At a recent sales training session, I was asked what separates the great producers from the pack. My response was “PS: Producer Standards.” We find that the best of the best hold themselves to higher standards, which they consistently meet and exceed.
Here are the basic standards that are part of our ProducerFit sales training strategies and ones that you’ll recognize in most $1 million-plus producers.
They have a very specific business model that becomes their laser focus. They’re always looking forward three years to five years, with a defined goal in mind. For example:
“Within three years, I will have no more than 50 clients paying me $20,000 each.”
This is not an overnight, get-rich-quick scheme. It’s a focus. They have their eye on the prize and a very specific plan for making it happen.
Remember, you can’t be a million-dollar producer writing $1,000 accounts. So if you’re going to put the time in anyway, you might as well be great at it!
They know the exact characteristics of their future clients and they know exactly whom they’re looking for. They have identified their prospects and consistently market to them through drip campaigns and social media. They also make a point of creating networking opportunities by attending events where their prospects will be.
They absolutely refuse to write partial accounts. (If this sounds familiar, it should.) They handle all of the insurance and risk management needs for their clients.
The relationship spectrum goes from being a vendor of a commodity to a trusted advisor to an indispensable partner. The best of the best reach the point where their clients can’t live without them and the services they provide. Their clients are convinced that no other individual agent or agency can handle everything for them. They wouldn’t dream of going anywhere else. Can you think of anything you’re not doing that might cause clients to leave you or that would tempt them to shop around?
The best producers never say “no” for their prospects; they make the prospects either say, “Yes, I’ll meet with you,” or, “No, I am absolutely not interested.” They don’t write a letter or leave a voice message and then become discouraged and not follow up. They continue to call and they keep following up in order to convince prospects that what they have is so unique and so different from the competition that prospects owe it to themselves to hear their story. These producers are not going to say “no” for the prospect; their attitude is to make the prospect say “no.”

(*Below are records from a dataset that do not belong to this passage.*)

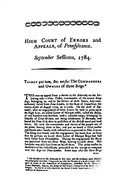 | Talbot v. Commanders of Three Brigs | 1 U.S. (1 Dall.) 95 (Pa. Ct. Err. & App. 1784) | full opinion | |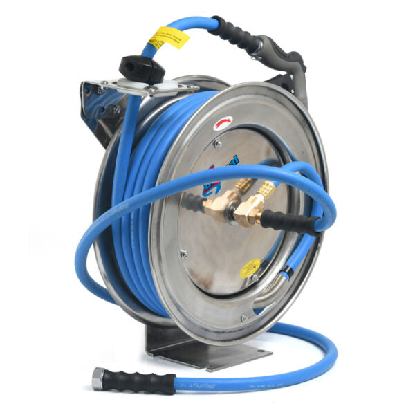 BluSeal Stainless Steel Water Hose Reel 5/8" x 50' Retractable with Rubber Garden Hose, 6' Lead-in, Spray Nozzle - Rubber is backordered and will ship as soon as it is back in stock.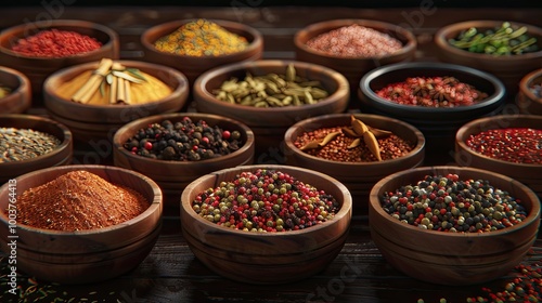© Gular, Fototapeta premium Bowls of various aromatic spices and culinary herbs Different seasoning red hot pepper paprika anise saffron black seeds nutmegs cardamom pods thyme gloves curcuma Condiments for cooking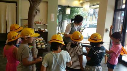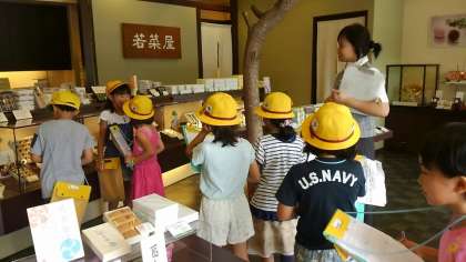 校区たんけんで,学校の近くにあるお菓子屋さん「若菜屋」さんへ行きました。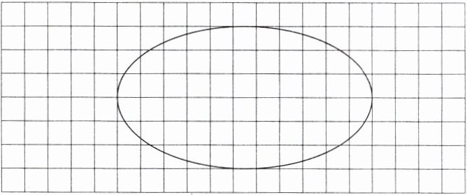 3. 如下图是一个椭圆,数一数,再算出它的面积大约是多少平方厘米。(每个小方格表示 1 平方厘米)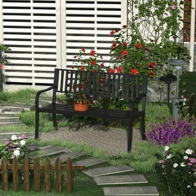 Outsunny 50" Garden Park Bench, Slatted Steel Outdoor Decorative Loveseat For Patio Lawn -Outdoor Garden GUEST 3d15429d 029c 4eaf 97f0 0cb7b5ceeec2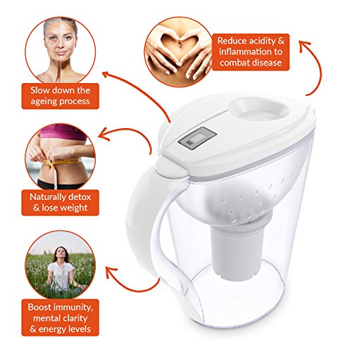 pH RESTORE Alkaline Water Filter Jug With 2 Long-Life Filters is the ultimate ionized filtered water purifier filtration machine. pH RESTORE delivers natural tasting healthy high pH drinking water. Drinking purified alkaline ionized water can improve health by detoxifying your body, through removal of heavy metals such as arsenic, lead, & chemicals including fluoride & chlorine, while increasing essential mineral uptake.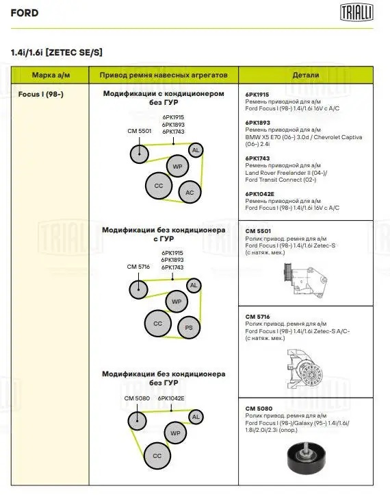 CM5501 TRIALLI Ролик привод. ремня Ford Focus I (98-) 1.4i/1.6i Zetec-S (с натяж. мех.) (CM 550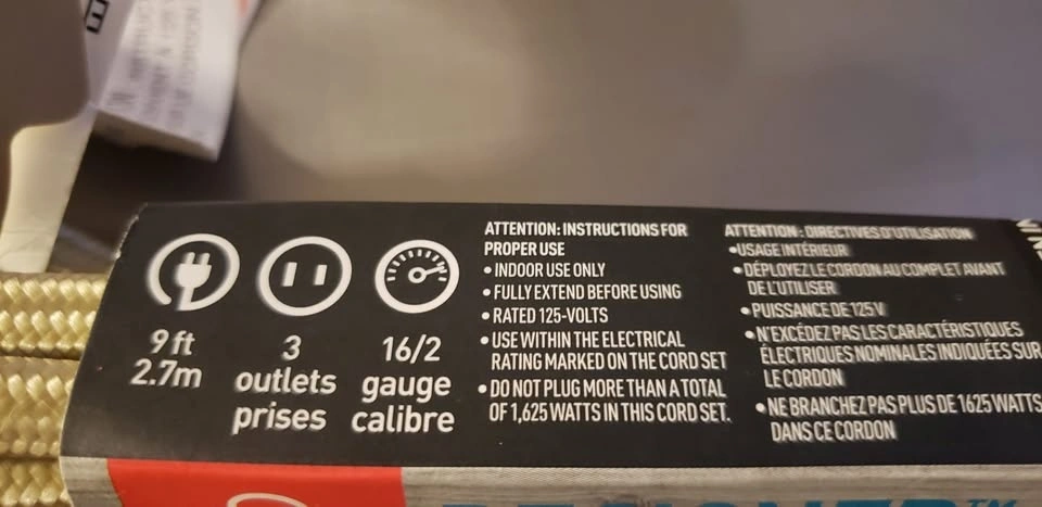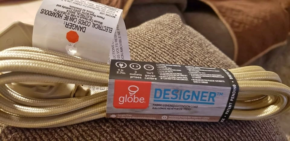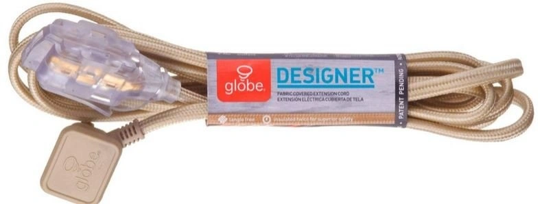 Globe Designer Fabric Covered Extension Cord 9Ft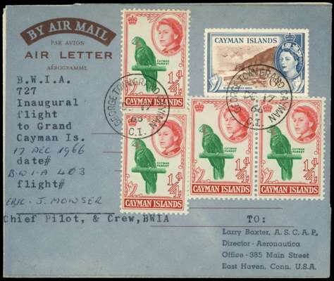 1949-66 B.W.I.A. (British West Indian Airways), four first flight covers, 1949 (1 April) Kingston, Jamaica to Miami, and 1966 (17 December), Inaugural 727 flight to Cayman Islands, air letter with typed details of the flight on face, (used as an illustration in Giraldi/McCann) and cacheted envelope for the same flight, 1953 (9 SP) to Miami
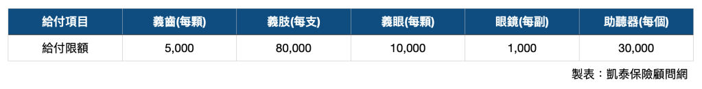 也就是說若因意外所致需要裝設上圖的附屬品,可以在限額內申領理賠,且一次為限。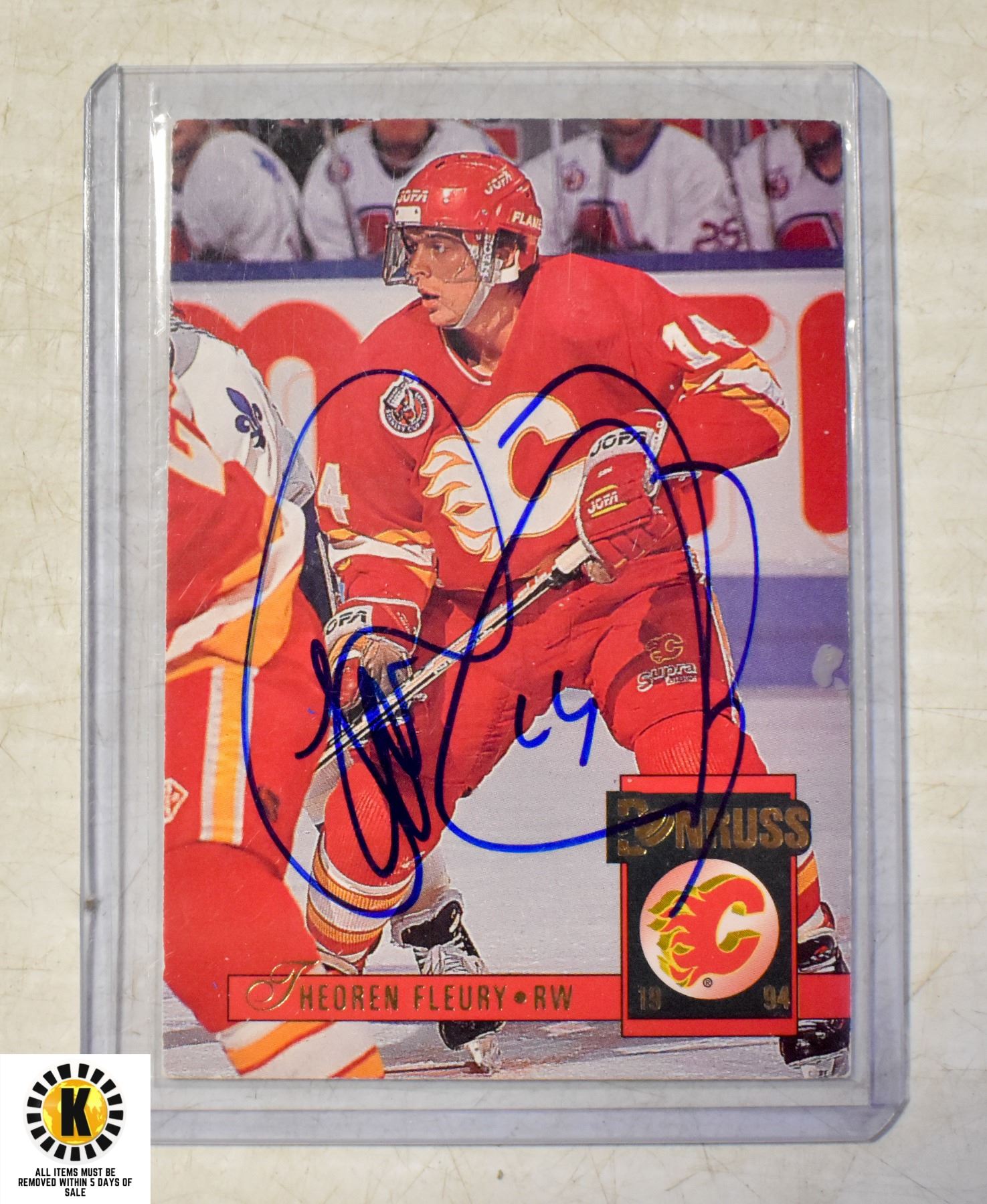 AUTOGRAPHED THEOREN FLEURY CALGARY FLAMES CARD
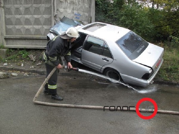 Как оказалось, кроме разрушенной передней части «Мерседеса» был поврежден 90-литровый бензобак и в воздухе запахло бензином. Поэтому срочно пришлось вызывать пожарных, чтобы смыть топливо и уберечь дорогой автомобиль от полного уничтожения.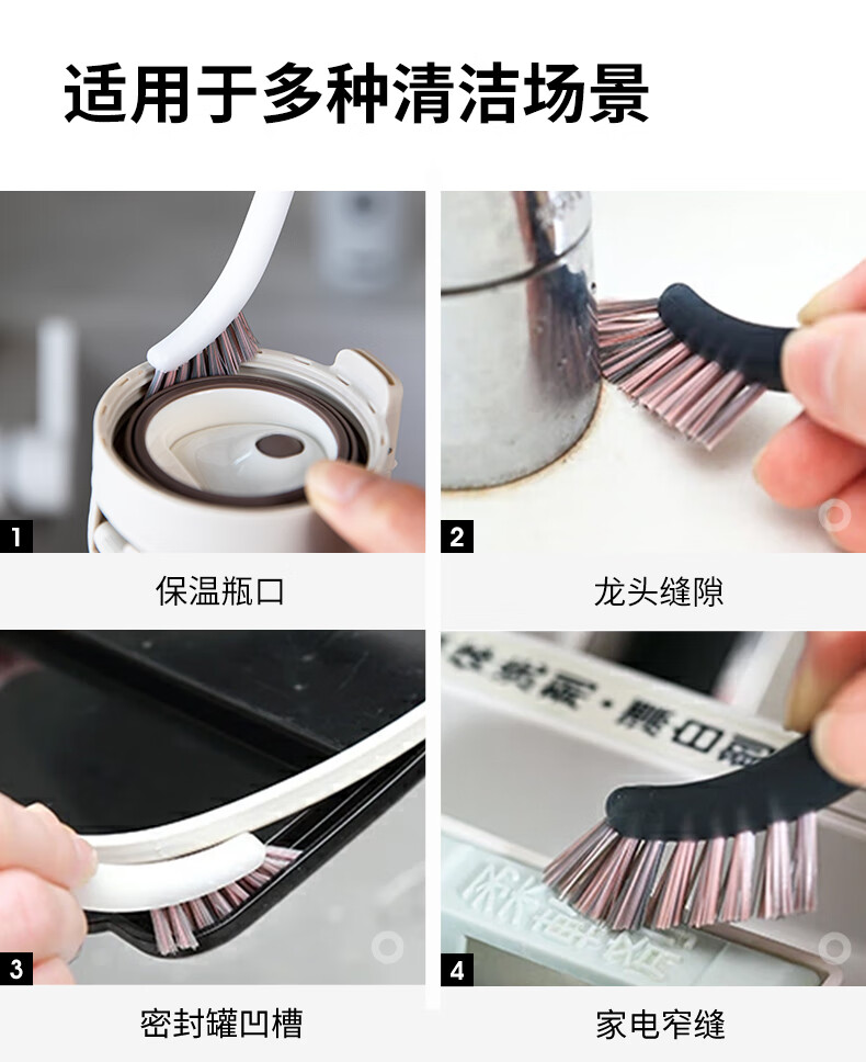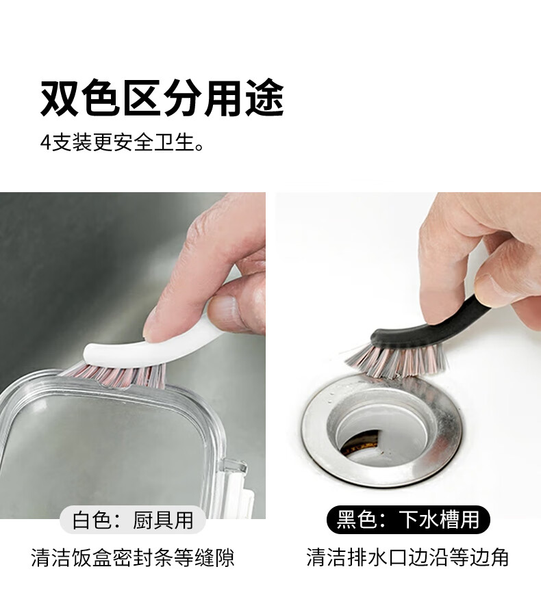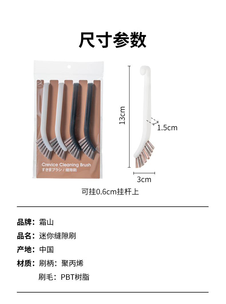 霜山迷你缝隙刷家用厨房水槽多功能小刷子浴室瓷砖窗缝死角清洁刷 【4支入】迷你缝隙刷-长13cm

One of our younger producers, who definitely had a winning, never-say-die attitude, took this to the max. In one day, he received Broker of Records (BORs) on a total of $1 million of premium from two accounts. How? He was determined to talk to the prospects and never gave up. As he said, “I knew what I had was unique in the marketplace and I wasn’t going to quit. They were either going to say ‘yes’ or ‘no’!”
He made 17 calls to a particular prospect he’d identified and left 14 voice mails before the prospect called him back. When he did, the prospect explained that one of the reasons he returned the call was that the producer never quit, which he admired. After they met, the producer got a BOR for a $750,000 account. Now that’s a pretty high standard. But that’s what can happen when a producer won’t say “no” for a prospect and won’t give up.
If producers have made the effort to identify their ideal future client and are convinced that they can provide value to that client, it’s likely they can get a meeting. The key is to believe that what they have to offer is so different and so much better than the competition that the prospect should be talking to them. “I owe it to them to let them talk to me,” is how the best producers think.